> **Recorded data**:
########

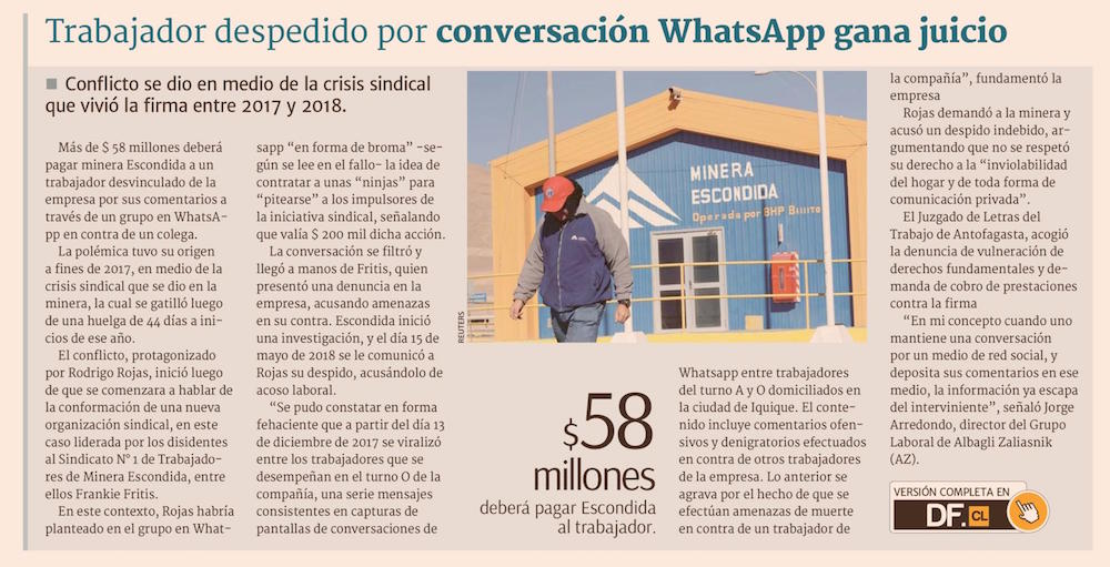 Conflicto sindical en Escondida: Justicia ordena pagar indemnización de $ 58 millones a trabajador despedido por conversación en Whatsapp - (DF Online)
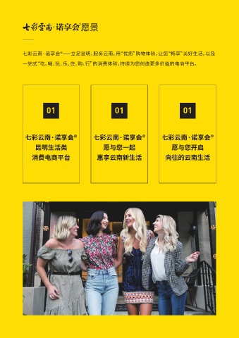 愿景 七彩云南·诺享会®⸺立足昆明、服务云南,用“优质”购物体验,让您“畅享”美好生活,以及 一站式“吃、喝、玩、乐、住、购、行”的消费体验,持续为您创造更多价值的电商平台。 01 01 01 七彩云南·诺享会® 七彩云南·诺享会® 七彩云南·诺享会® 昆明生活类 愿与您一起 愿与您开启 消费电商平台 惠享云南新生活 向往的云南生活
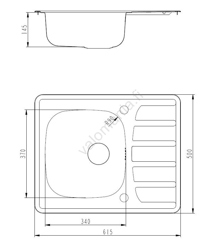 • Ruostumattomasta teräksestä valmistettu keittiöallas klassisella muotoilulla.

########

> **Description of the task**: Down to the final line, restate the material above word for word, but omit its pictures.

> **Output of the exercise**:
 Conflicto sindical en Escondida: Justicia ordena pagar indemnización de $ 58 millones a trabajador despedido por conversación en Whatsapp - (DF Online)
 愿景 七彩云南·诺享会®⸺立足昆明、服务云南,用“优质”购物体验,让您“畅享”美好生活,以及 一站式“吃、喝、玩、乐、住、购、行”的消费体验,持续为您创造更多价值的电商平台。 01 01 01 七彩云南·诺享会® 七彩云南·诺享会® 七彩云南·诺享会® 昆明生活类 愿与您一起 愿与您开启 消费电商平台 惠享云南新生活 向往的云南生活
 • Ruostumattomasta teräksestä valmistettu keittiöallas klassisella muotoilulla.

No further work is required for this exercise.